Knowing the backstory between Hephaestus, Aphrodite and Ares, the cursed necklace that is given to Harmonia makes more sense. Hephaestus was angry at Aphrodite for her affair with Ares and yes, he makes the necklace a means to punish Aphrodite’s infidelity by placing a curse on the child that resulted from hers and Ares’ affair.
Thus, all the misfortunes that Cadmus and Harmonia suffer are from the necklace, not slaying the dragon. After all, Cadmus had already paid penance to Ares and then is rewarded his daughter for marriage. It’s even in Harmonia’s name, harmony, there was to be an end to the strife and conflicts.
Gift-Giver Variations – Slight variations of who Harmonia received the necklace from are the gods in general, her mother Aphrodite, Hera and Europa herself. Given that Europa is missing, it seems unusual that she would show up here as she was the whole reason in the first place that Cadmus went wandering.
Another variation that that all of Harmonia’s godly powers for peace stem from the necklace and that it’s a robe “dripped in crime” given to her either by Athena or by Hephaestus and Hera that caused all of the misfortunes that Cadmus and Harmony would face.
I think the necklace is more likely cursed given there’s a lineage and history of who receives the necklace and the misfortunes that befall each of them before the necklace just vanishes from history.
Generational Curse – Well, only in as far as Harmonia’s necklace kept getting passed on from one descendant to the next or when it changes hands to a different owner.
After Hamornia and Cadmus’ misfortune, Polynices inherits the necklace and gives it to Eriphyle.
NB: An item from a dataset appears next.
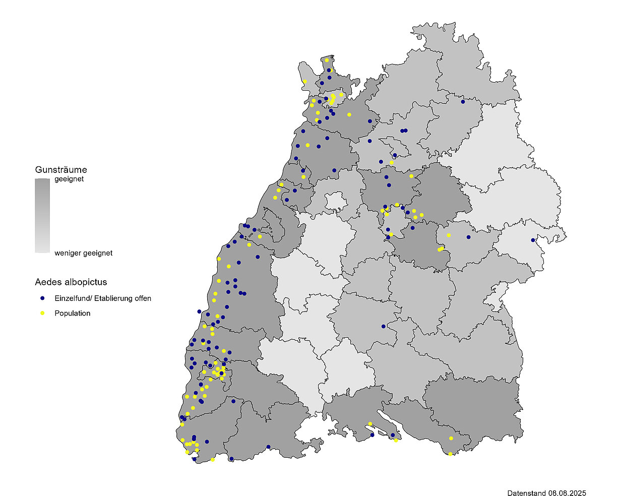 Einige Regionen in Baden-Württemberg sind besonders geeignet für die Einschleppung und die Etablierung der Tigermücke, auch durch die Nähe zu Ländern mit starker Verbreitung von Tigermücken wie Frankreich und Italien. So können die Mücken als ‚blinde Passagiere‘ z.T. mit dem PKW nach Deutschland gelangen. Auch Importe über den Güterverkehr sind möglich. Hierdurch kann sich die Tigermücke in klimatisch geeigneten Regionen in Baden-Württemberg ansiedeln. Mittlerweile wurde die Tigermücke in allen als Gunsträume identifizierten Stadt- und Landkreisen Baden-Württembergs nachgewiesen; meistens in Form von Einzelnachweisen, aber auch als etablierte Populationen, die teilweise schon länger bekämpft werden. Folgende Karte stellt die Verbreitung und die Gunsträume der Tigermücke dar: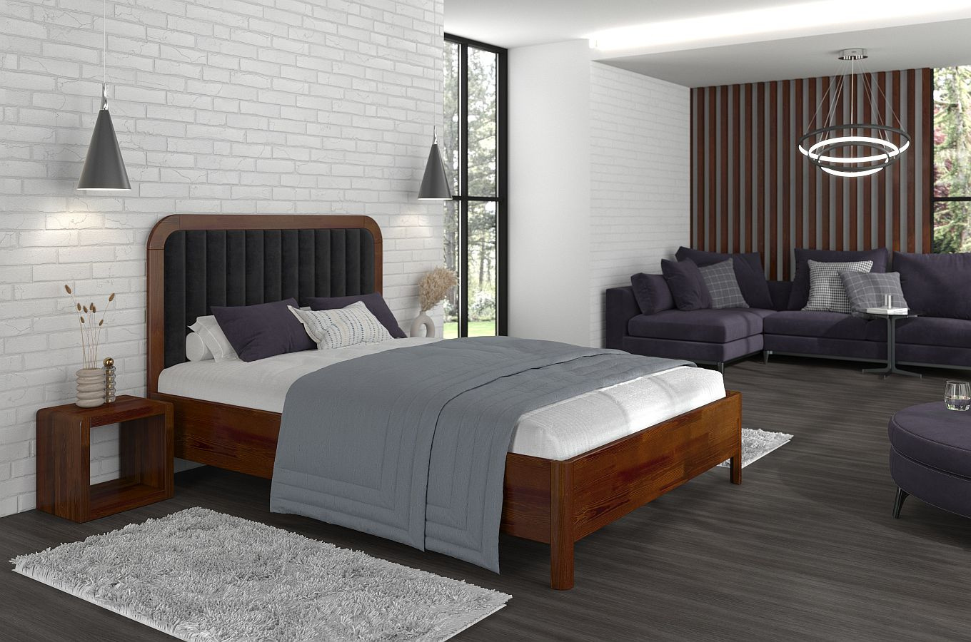 Drewniane łóżko do sypialni z tapicerowanym zagłówkiem

The necklace than changes hands to Eriphyle’s son Alcmaeon and on to Arsinoe (or Alphesiboea) and to their sons Phegeus, Pronous and Agenor, and lastly into those of the sons of Alcmaeon, Amphoterus and Acarnan who dedicated a temple to Athena at Delphi.
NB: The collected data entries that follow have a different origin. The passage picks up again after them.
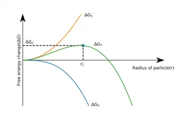 Cuando la variación en la energía libre de Gibbs es positiva, el proceso de nucleación no se llevará a cabo. El radio de la nanopartícula es pequeño, el término superficial prevalece al término de volumen . Contrariamente, si el ritmo de variación es negativo, será estable termodinámicamente. El tamaño de los embriones supera el radio crítico. En este caso, el término del volumen supera al término superficial .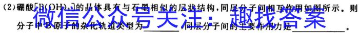 (2)硼酸[B(OH)3]的晶体具有与石墨相似的层状结构,同层分子间相互作用如图所示。则分子中B原子的杂化轨道类型为,同层分子间的主要作用力是。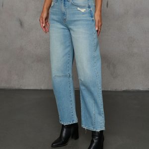 The Evangelina Distressed Barrel Jeans are a fresh take on timeless denim. With their relaxed barrel leg design and carefully placed light whiskering, these jeans offer the perfect mix of vintage charm and modern edge. Crafted from stretch denim, they provide all-day comfort while keeping your look effortlessly chic. The distressed details add just the right amount of character, making these jeans as unique as you are.
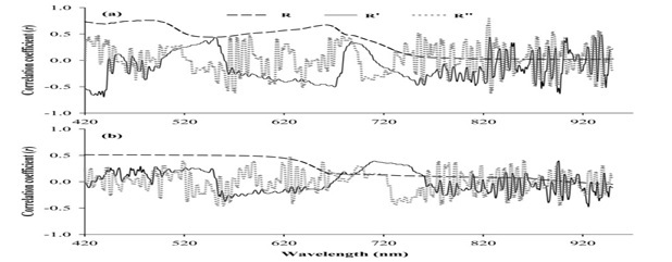 图1.张家港农田土壤中提取态镉Cd(a)和提取态铅Pb (b)与作物叶片光谱(原始光谱、一阶微分光谱和二阶微分光谱)的相关性分析结果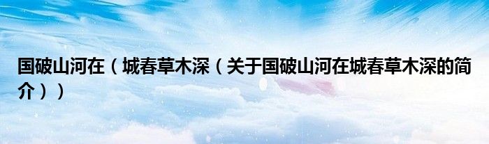 本文关于国破山河在 城春草木深的简介就讲解完毕,希望对大家有所帮助。

When the necklace got stolen by Phayllus, he gave it to his mistress, the wife of Ariston. She wore it for a while only to see her youngest son, became seized by madness and set fire to the house. It’s here that the necklace gets lost to history or myth as there’s no further mention of it.
Every possessor and owner of the necklace saw mischief and mishaps of one kind, or another befall them.
Maybe it means peace doesn’t last and you have to work at it, or it could, just no one knew about the curse laid on it. I can assume that someone took it to an Oracle and found out, which is why there is mention of it in the myths at all.
Something Rotten In Thebes
Married and the City of Thebes founded, no matter how divinely ordained this was, peace and harmony wouldn’t last.
Due to the cursed necklace that Harmonia received, she and Cadmus’ family would soon see misfortune befall them and a series of civil unrest. Eventually, Cadmus would abdicate his throne to his grandson, Pentheus.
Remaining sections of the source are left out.